But the club scene was totally out of keeping with the rest of the story. In fact, I had to stop reading before it was done because it ruined the 'magical' feeling of the beginning. It was good... but it just didn't fit with the first half.

I felt the club totally broke the flow of the shyness and opening up that you had been working with since the beginning of the story. It was as though you skipped through several chapters or used the ending of a different story.

Maybe you should consider splitting the story in two. I would really like to see the 'hot tub' story spin out to its logical conclusion

AnonymousAnonymousover 19 years ago
Made me tingle

Wow! That was a very good story! Have you writen others? If so, please e-mail me and tell me their titles! Mushy_6@hotmail.com 100% Very awesome!

AnonymousAnonymousover 19 years ago
Best Story EVER

Finally... disheveled, dissolved, naked in your bed. All I've ever wanted... God how I loved it. It was PERFECT! So delicious...

sexmatesexmateover 19 years ago
Absolutely PERFECT!

Damn! This story is HOT! And unbelievably well written.

The words made the pictures in my mind just simply mind blowing. No movie has been better.

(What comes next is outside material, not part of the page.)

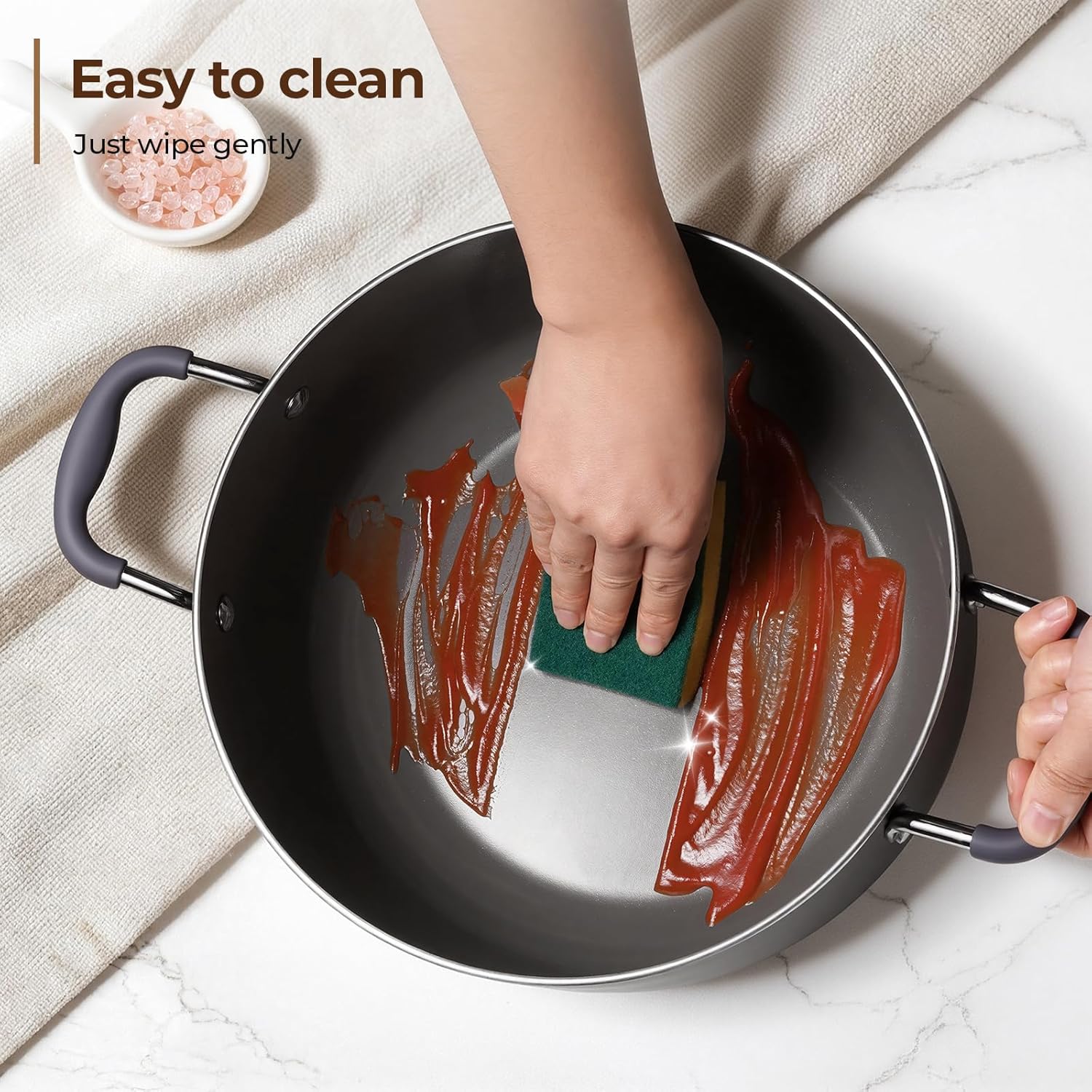 • This soup pot features a ceramic non-stick coating free of PTFE, PFAS, PFOA, lead, and cadmium, allowing you to enjoy healthy cooking with peace of mind.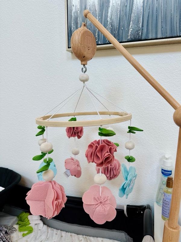 This modern wooden and floral design Mobile such beautiful design and details for different themed room. This was easy to assemble and I love the music.

Thanks for the well spent time!

Sexmate

THoeyTHoeyover 19 years ago
Wow...

Really, I can't say much more than Wow. That was a great story.

RegTRegTover 19 years ago
Brilliant!

This is your best so far, and you have written some excellent stories. I think this is possibly the best story on the entire site.The quality of the writing in "Melinda" is superb - great use of language - reminded me of Guy Davenport, who seems to be able to invest words with power far beyond their normal meaning. Well done! Looking forward to your next story (as always).

AnonymousAnonymousover 19 years ago
Superb Ending

The best part is the ending and that's what it's worth of reading ... Though at the begining it's quite differnt kind of story and the middle ( the club ) part have done no good to it and it was quite boring a task to finish that part ... But once I started the end ( and of course the main ) part, it's just fantastic and really really cool ( in reality it was soooo hooootttt ) ... Next time just maintain the tone and for sure everyone will demand higher grades in the voting system ...

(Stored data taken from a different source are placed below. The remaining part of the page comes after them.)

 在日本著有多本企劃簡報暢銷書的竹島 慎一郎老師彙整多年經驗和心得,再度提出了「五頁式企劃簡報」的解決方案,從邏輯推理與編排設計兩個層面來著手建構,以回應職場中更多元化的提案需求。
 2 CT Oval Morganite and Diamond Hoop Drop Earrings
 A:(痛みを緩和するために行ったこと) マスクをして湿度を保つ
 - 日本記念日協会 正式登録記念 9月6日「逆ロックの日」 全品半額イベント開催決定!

Last words: May be I'm becoming monotonous, again I've to tell this. I haven't find this much intense description of love making before.

YourLittleGirl9YourLittleGirl9over 19 years ago
Blushing

Oh god, I'm all warm and pink and fuzzy. You are the best writer on this site. You deserve a fucking medal or something. And the club scene... right up my alley, no matter what all these dufuses say. Nothing like a blindfold to cap off a sexy story... and yes, the ending, hot and sweet, like chinese food. Will you marry me???? Hahaha! God what you do to me...

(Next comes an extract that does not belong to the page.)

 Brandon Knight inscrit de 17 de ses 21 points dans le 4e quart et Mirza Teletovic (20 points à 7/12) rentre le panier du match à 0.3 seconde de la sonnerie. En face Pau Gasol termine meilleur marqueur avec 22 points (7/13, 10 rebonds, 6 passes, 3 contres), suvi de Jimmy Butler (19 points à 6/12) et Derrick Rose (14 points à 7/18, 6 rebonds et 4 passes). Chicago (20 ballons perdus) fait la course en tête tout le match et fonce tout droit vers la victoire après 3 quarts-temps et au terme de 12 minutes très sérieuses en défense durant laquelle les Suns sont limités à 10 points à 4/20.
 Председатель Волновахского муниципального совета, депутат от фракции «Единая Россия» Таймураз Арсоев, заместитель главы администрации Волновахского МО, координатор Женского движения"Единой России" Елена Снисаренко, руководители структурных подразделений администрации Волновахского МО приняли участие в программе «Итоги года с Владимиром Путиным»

AnonymousAnonymousover 19 years ago
Wow

Goddddddddddddamn this is hot. I've only read the first 3 pages, but that was enough. Maybe I'll finish next time. The story I mean. <grin>

sacksackover 19 years ago
This would have been even better....

If you had submitted it in three-four bite sized chunks. As it stands now, reading the story is like eating 3 Filet Mignon steaks in one sitting!! There is so much sex in various situations it is hard to take it all in. Moreover, you could have left some cool cliffhangers to entice the reader into reading the next section. Otherwise, this is definitely better than the usual Incest story...

AnonymousAnonymousover 19 years ago
christ, my body wasn't aware it could feel this

holy christ. this story was amazing, making me blush, feel the beating in my heart increase, my cheeks fill with blood, and just...oh god. it's 57 degrees in my dorm room, and i don't even feel it i'm so hot from this story. please PLEASE write a continuation of this one. you have such talent that...god, i want to hear more from. this, by far, is the BEST story on this site. such care in developing the characters and their growth, the vivid descriptions of the eventual sex, god...my body just feels...drained.

AnonymousAnonymousover 19 years ago
By and large, I hate stories six pages long...

I only read the first page; and instantly knew the writing was genius. But after seeing it was going to ramble on for several more pages, decided to skip to the reviews.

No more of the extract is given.